Task goal: Below are the entries. Print only the lines starting at the one with "This is a physical" and ending at the one with "A water park", exactly, with no pictures.

Information given:
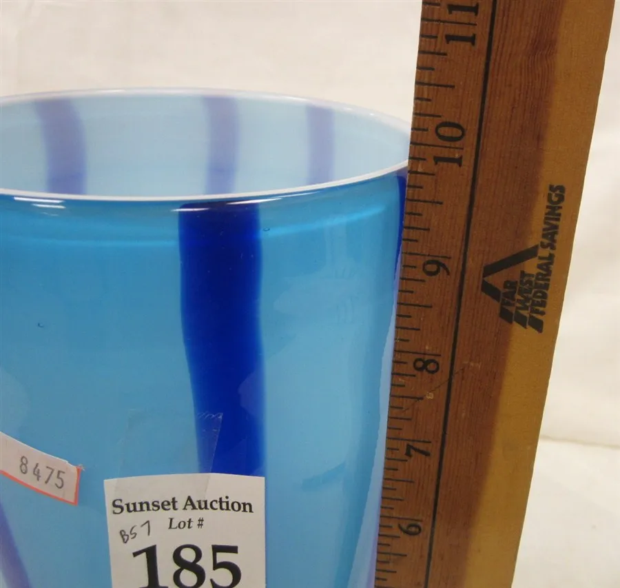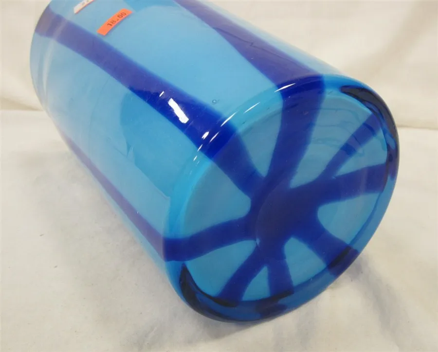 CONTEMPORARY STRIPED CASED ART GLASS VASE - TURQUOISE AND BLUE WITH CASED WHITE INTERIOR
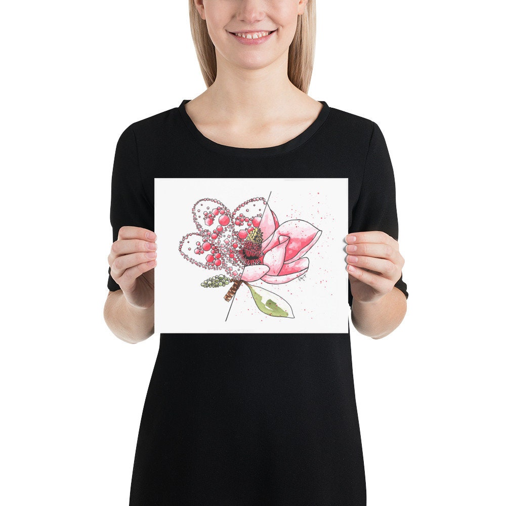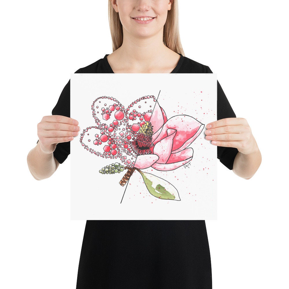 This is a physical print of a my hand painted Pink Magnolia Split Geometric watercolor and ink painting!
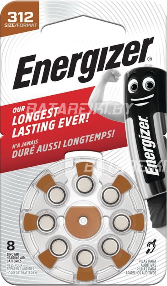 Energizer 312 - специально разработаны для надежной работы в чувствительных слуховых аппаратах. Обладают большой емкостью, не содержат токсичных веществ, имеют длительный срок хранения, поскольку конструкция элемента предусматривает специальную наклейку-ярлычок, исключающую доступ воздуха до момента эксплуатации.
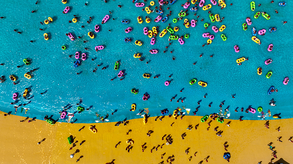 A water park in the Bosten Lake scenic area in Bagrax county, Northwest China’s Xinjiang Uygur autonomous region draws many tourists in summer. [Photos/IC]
...
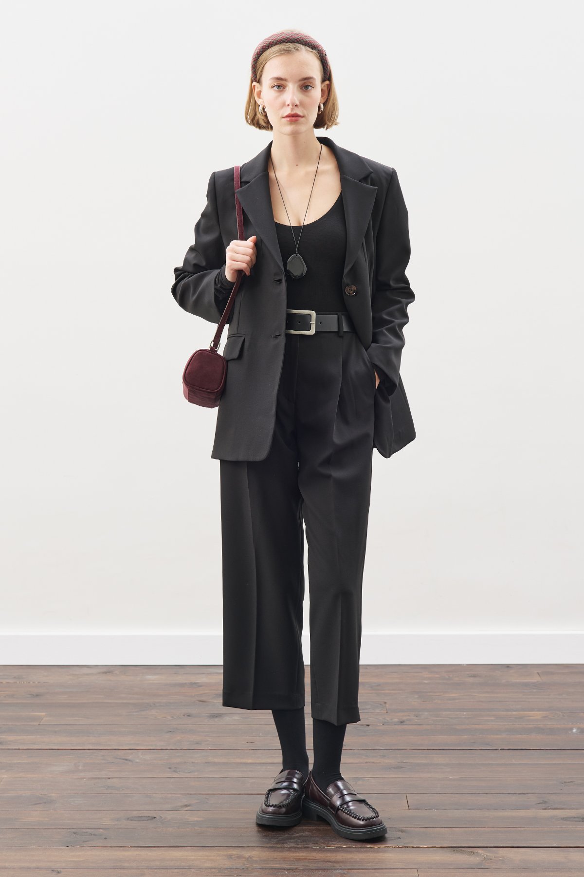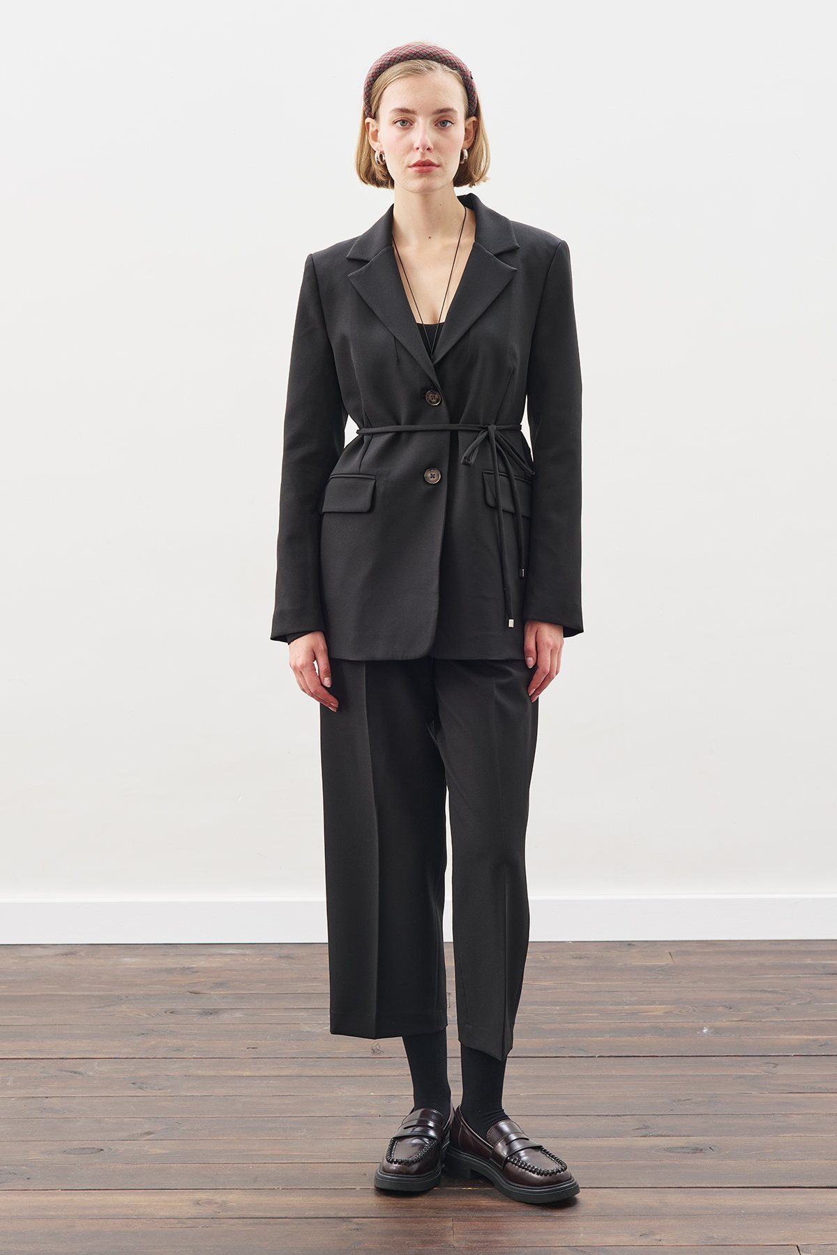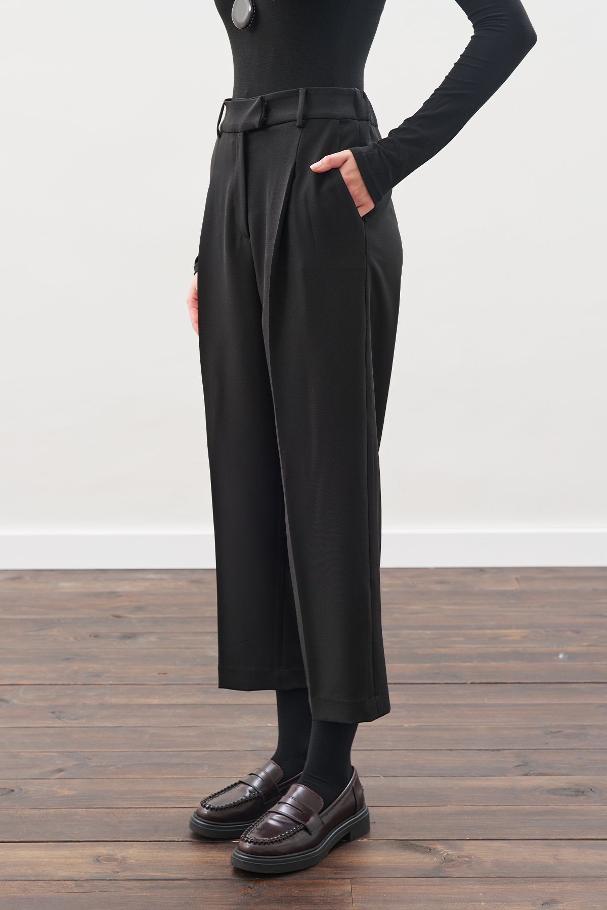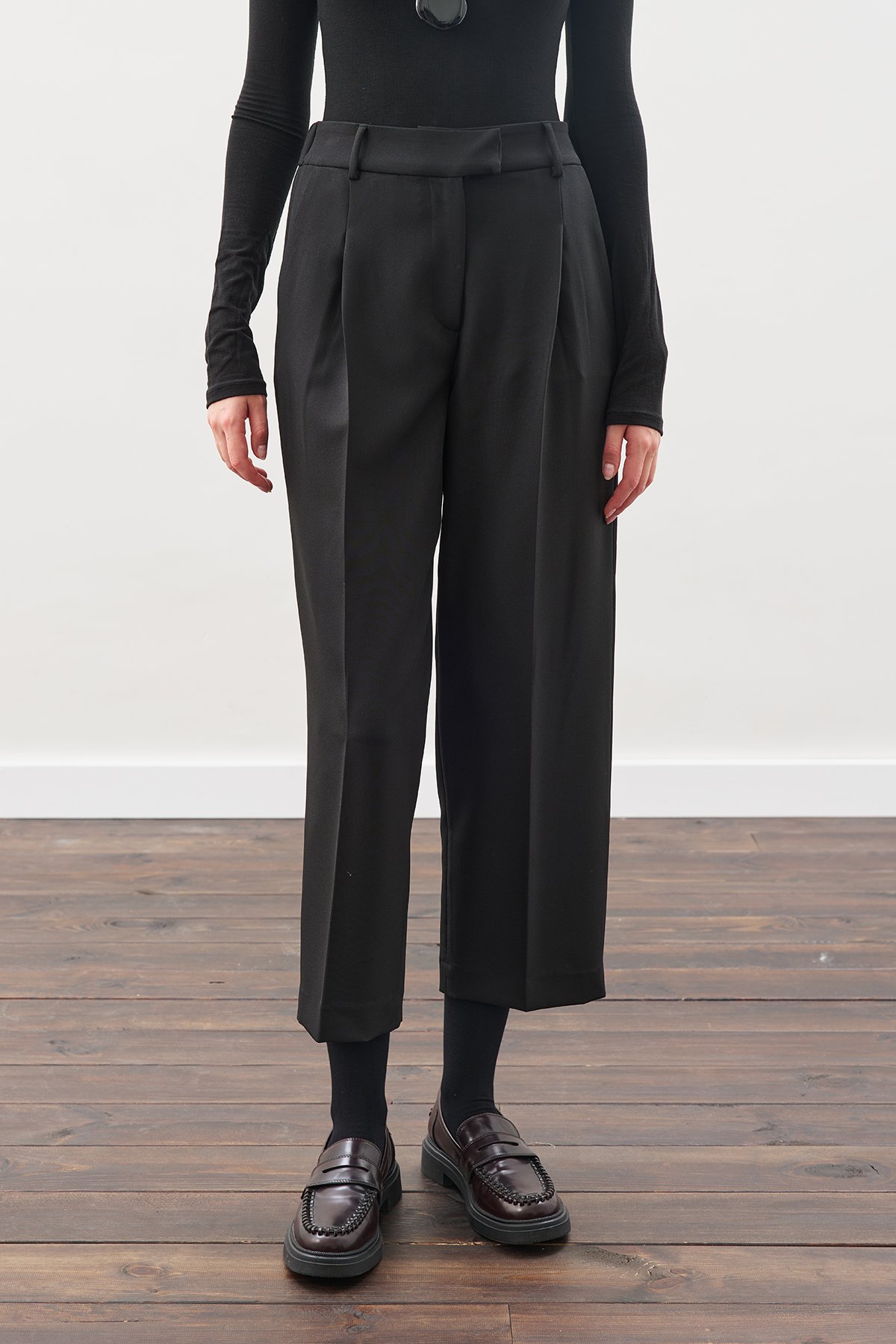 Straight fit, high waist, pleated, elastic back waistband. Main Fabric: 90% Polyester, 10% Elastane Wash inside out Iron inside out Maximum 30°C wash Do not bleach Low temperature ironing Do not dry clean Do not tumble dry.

Output for this task:
 This is a physical print of a my hand painted Pink Magnolia Split Geometric watercolor and ink painting!
 Energizer 312 - специально разработаны для надежной работы в чувствительных слуховых аппаратах. Обладают большой емкостью, не содержат токсичных веществ, имеют длительный срок хранения, поскольку конструкция элемента предусматривает специальную наклейку-ярлычок, исключающую доступ воздуха до момента эксплуатации.
 A water park in the Bosten Lake scenic area in Bagrax county, Northwest China’s Xinjiang Uygur autonomous region draws many tourists in summer. [Photos/IC]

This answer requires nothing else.